* **What the task asks**
Below is some data. Retype exactly the lines starting at the one with "bei der Minimierung" and ending at the one with "Lightweight milky leave-in".

[Data under study Boundary: Start]

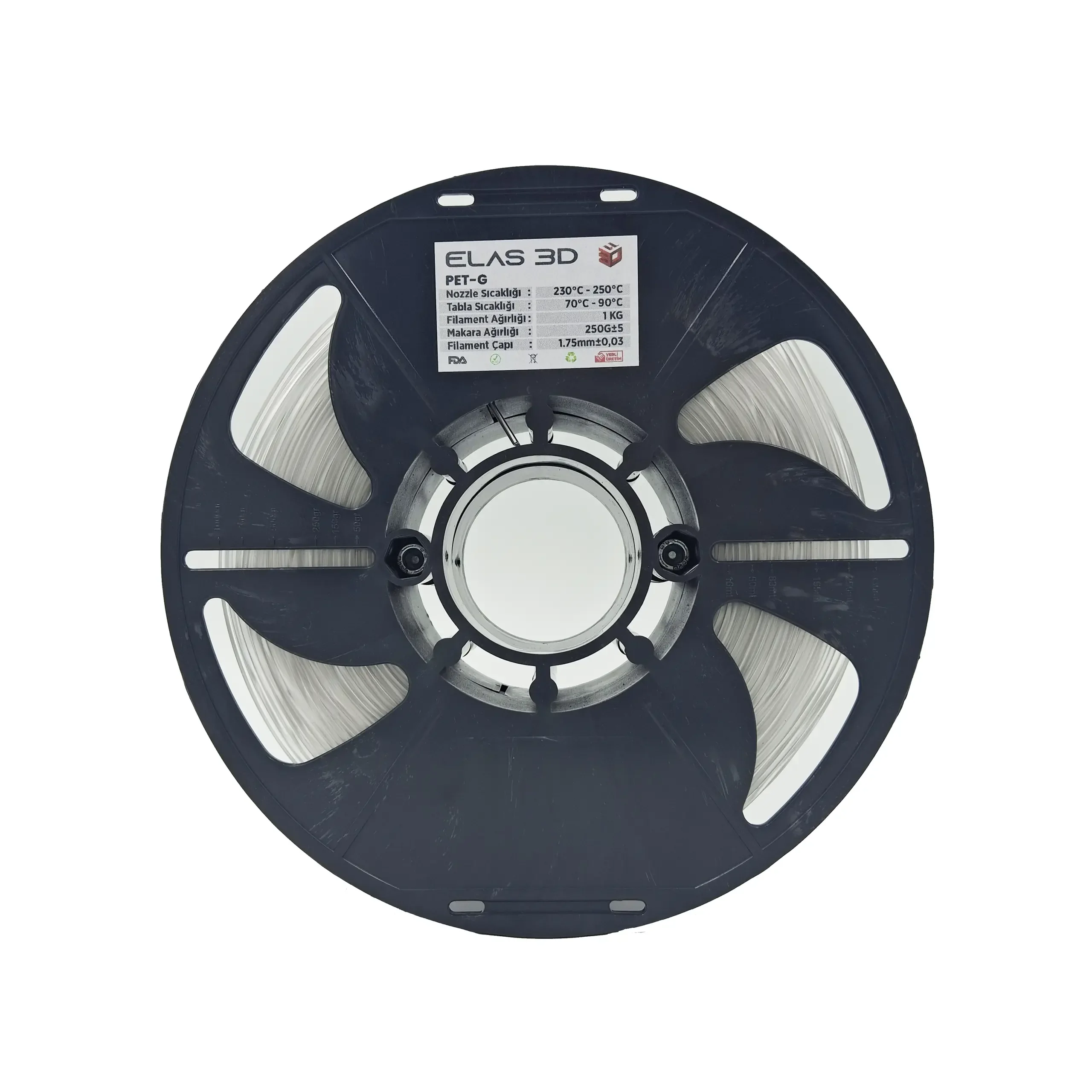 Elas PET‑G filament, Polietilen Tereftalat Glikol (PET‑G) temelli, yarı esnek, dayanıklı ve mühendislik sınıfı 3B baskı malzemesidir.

[Data under study Boundary: End]
[Data under study Boundary: Start]

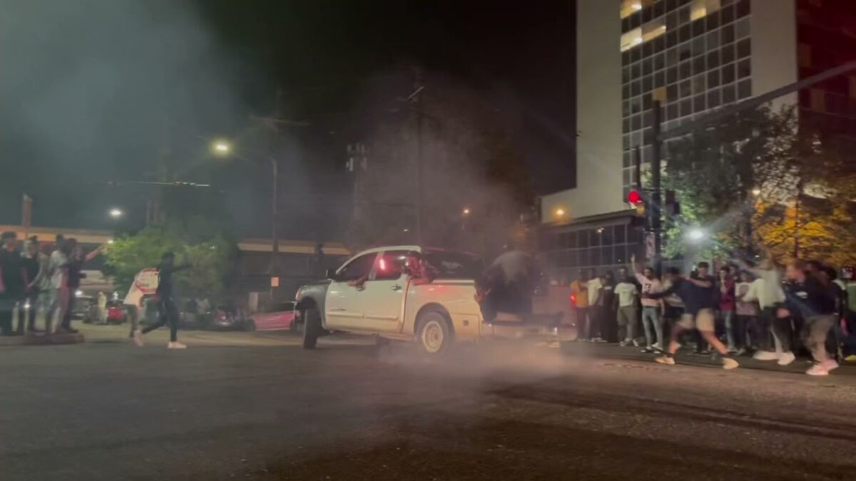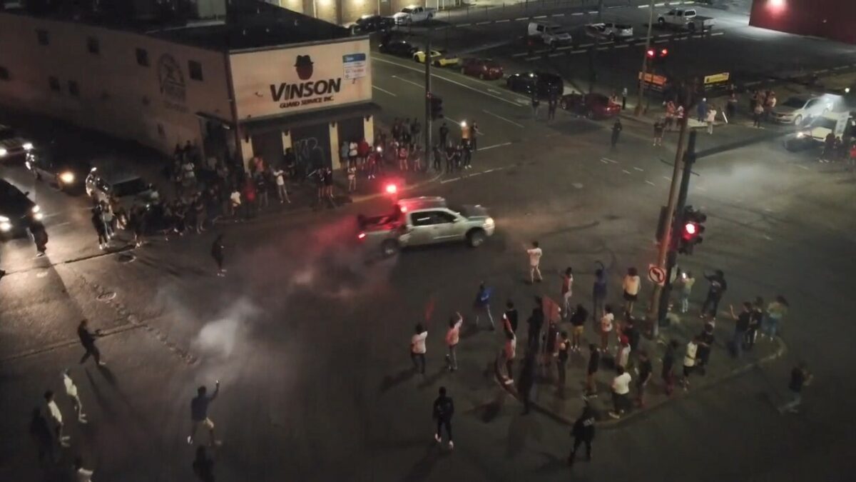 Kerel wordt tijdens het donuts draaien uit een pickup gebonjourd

[Data under study Boundary: End]
[Data under study Boundary: Start]

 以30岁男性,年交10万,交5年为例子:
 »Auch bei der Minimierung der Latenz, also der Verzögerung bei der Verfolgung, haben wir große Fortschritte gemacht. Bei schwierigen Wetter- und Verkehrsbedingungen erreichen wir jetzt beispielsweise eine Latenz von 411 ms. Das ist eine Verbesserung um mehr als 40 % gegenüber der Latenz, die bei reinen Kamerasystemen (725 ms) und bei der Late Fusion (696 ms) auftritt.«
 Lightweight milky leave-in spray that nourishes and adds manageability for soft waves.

[Data under study Boundary: End]

* **Response for this exercise**
 »Auch bei der Minimierung der Latenz, also der Verzögerung bei der Verfolgung, haben wir große Fortschritte gemacht. Bei schwierigen Wetter- und Verkehrsbedingungen erreichen wir jetzt beispielsweise eine Latenz von 411 ms. Das ist eine Verbesserung um mehr als 40 % gegenüber der Latenz, die bei reinen Kamerasystemen (725 ms) und bei der Late Fusion (696 ms) auftritt.«
 Lightweight milky leave-in spray that nourishes and adds manageability for soft waves.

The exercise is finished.